Должен с прискорбием сообщить, что жители долины Тайпи имеют
обыкновение есть рыбу приблизительно таким же способом, как мы редиску, то
есть без особых приготовлений. Они едят ее сырую - с чешуей, костями,
жабрами и со всеми внутренностями. Рыбина берется за хвост, голова
опускается в рот, и вся рыба исчезает в нем с такой быстротой, что кажется,
будто она целиком уплывает вниз по пищеводу.
Сырая рыба! Забуду ли я, что я почувствовал, когда впервые увидел мою
красавицу Файавэй жующей сырую рыбу? О небо! Прекрасная Файавэй, откуда у
тебя эта гнусная привычка? Потом, когда возмущение мое улеглось, мне уже не
казалось это таким отвратительным, а скоро я привык и мог смотреть на едящих
совершенно спокойно. Только не думайте, пожалуйста, что прелестная Файавэй
глотала большие вульгарные рыбины - вовсе нет: своей нежной ручкой она брала
за хвостик изящную, золотистую рыбку и съедала ее так просто, грациозно и
невинно, словно тартинку.
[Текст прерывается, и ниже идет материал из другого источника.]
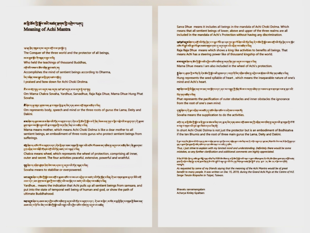 * Achi Chökyi Drolma is invoked to remove outer and inner obstacles, to protect from harm, and to create positive conditions for spiritual and worldly success.

Но все же, увы! это была сырая рыба, и я могу
только сказать, что она ее ела гораздо изысканнее и элегантнее, чем любая
другая девушка в долине.
В чужой монастырь со своим уставом не ездят. Это правило я считал в
высшей степени разумным и, живя с тайпийцами, старался во всем поступать по
их уставам. Ел, как и они, пои-пои; ходил в костюме, отличающемся
необыкновенной простотой; спал вместе со всеми на общем диване из циновок и
делал еще многое другое в согласии с их своеобразными обычаями, но мало
того, я даже ел с ними раза два сырую рыбу, а тут уж дальше некуда. Рыбки
были очень маленькие, с нежным мясом, и есть их оказалось вовсе не так уж
неприятно, как я думал;, после двух-трех попыток я положительно полюбил это
угощение, только я подвергал их небольшой ножевой операции, прежде чем
отправить в рот.
29
Я думаю, мне надо просветить читателя относительно естественной истории
долины Тайпи.
Откуда во имя Господа, графа Бюффона и барона Кювье взялись тайпийские
собаки? Вернее, большие безволосые крысы с лоснящимися, пятнистыми, жирными
боками и крайне несимпатичными физиономиями. Откуда они могли взяться? Что
они не естественные порождения местной фауны, в этом я не сомневаюсь. Да они
и сами словно чувствовали себя здесь чужими - смущенно прятались по дальним
закоулкам, будто испытывали неловкость. Было очевидно, что в долине Тайпи им
не по себе, что они рады бы очутиться за тридевять земель отсюда, вернуться
в ту никому не известную безобразную страну, которая была их родиной.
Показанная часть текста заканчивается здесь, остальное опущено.